Inspect files¶

You have CSV, Parquet, or DuckDB files and want to understand what's in them. datasight can profile the data, surface measures and dimensions, suggest trends, and generate starter prompts — all without setting up a project or calling an LLM.

One command: `datasight inspect`¶

datasight inspect runs every deterministic analysis in one shot:

datasight inspect generation.parquet
datasight inspect generation.csv plants.csv
datasight inspect data_dir/

This prints:

Profile — table and column counts, row counts, largest tables, date coverage
Quality — null-heavy columns, suspicious numeric ranges, notes
Measures — inferred metrics with roles, default aggregations, rollup SQL
Dimensions — grouping candidates with distinct counts and sample values
Trends — date/measure pairs with chart recommendations
Recipes — suggested prompts for deeper exploration

Nothing is written to disk. Use --format json or --format markdown to change the output, or -o report.md to save it to a file:

datasight inspect generation.parquet --format json
datasight inspect generation.parquet --format markdown -o overview.md

Explore files in the web UI¶

If you prefer a visual interface, the web UI can also work with files directly — no project setup required:

datasight run

Open http://localhost:8084. The landing page shows:

Guided starters — choose a workflow like Profile this dataset, Find key dimensions, Build a trend chart, or Audit nulls and outliers. datasight runs the selected starter as soon as your data loads.
Configure your LLM — if needed, enter your provider and API key. (If you exported ANTHROPIC_API_KEY or similar in your shell, this step is skipped.)
Explore Files — enter the path to your CSV, Parquet, or DuckDB file (or a directory of Parquet files) and click Explore.
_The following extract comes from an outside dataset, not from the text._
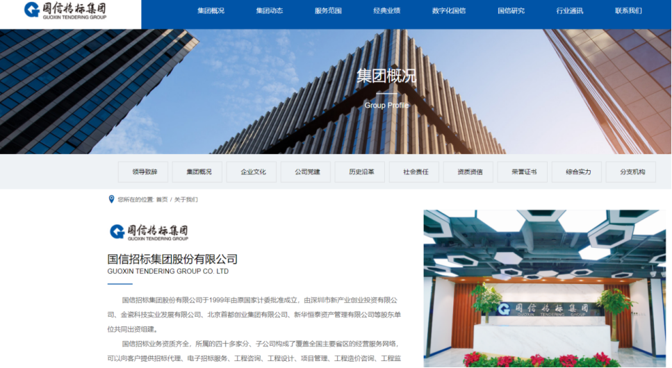 国信招标集团股份有限公司官网介绍,国信招标集团股份有限公司于1999年由原国家计委批准成立,由深圳市新产业创业投资有限公司、金瓷科技实业发展有限公司、北京首都创业集团有限公司、新华恒泰资产管理有限公司等股东单位共同出资组建。国信招标业务资质齐全,所属的四十多家分、子公司构成了覆盖全国主要省区的经营服务网络,可以向客户提供招标代理、电子招标服务、工程咨询、工程设计、项目管理、工程造价咨询、工程监理、投融资咨询与服务、国际贸易等覆盖工程建设项目全产业链的综合服务。

datasight creates an in-memory database, introspects the schema, and drops you into the chat UI.

Adding more files

Use the input at the top of the sidebar (below Tables) to add more files to your session at any time.

Save as a project¶

Once you're comfortable with your data, click Save in the header to persist your session as a project. datasight will:

Create a project directory with a DuckDB database (views pointing to your original files — no data copying)
Auto-generate schema_description.md and queries.yaml using the LLM
Seed a measures.yaml scaffold from the inferred semantic measures

See Set up a project for the full project workflow.

Generate project files from files¶

datasight generate can also work directly with files to auto-generate schema documentation:

datasight generate generation.parquet plants.csv

Examples:

# Reference an existing DuckDB database directly
datasight generate generation.duckdb

# Reference an existing SQLite database directly
datasight generate generation.sqlite

# Create ./database.duckdb from CSV inputs
datasight generate generation.csv plants.csv

# Create ./database.duckdb from Parquet inputs
datasight generate generation.parquet plants.parquet

# Create a custom project DuckDB from CSV inputs
datasight generate generation.csv plants.csv --db-path db/project.duckdb

# Create a custom project DuckDB from Parquet inputs
datasight generate generation.parquet plants.parquet --db-path db/project.duckdb

--db-path is an output path. Use it only when datasight is creating a DuckDB project database from CSV, Parquet, or mixed file inputs. Do not use --db-path with a single existing DuckDB or SQLite database; those files are referenced directly in .env.

This creates schema_description.md, queries.yaml, measures.yaml, and time_series.yaml in the current directory using the LLM. See Set up a project for details.

Supported file types¶

Type	Example	How it's handled
CSV	`data.csv`	Loaded via DuckDB's `read_csv_auto`
Parquet	`data.parquet`	Loaded via DuckDB's `read_parquet`
DuckDB	`data.duckdb`	Referenced directly when it is the only input
SQLite	`data.sqlite`	Referenced directly when it is the only input
Parquet directory	`data_dir/`	Hive-partitioned parquet with `read_parquet` glob
CSV directory	`data_dir/`	All CSVs loaded via `read_csv_auto` glob

For CSV and Parquet inputs, each file becomes a view in an ephemeral in-memory DuckDB database while documentation is generated. The view name is derived from the filename (e.g. generation.parquet becomes the generation table).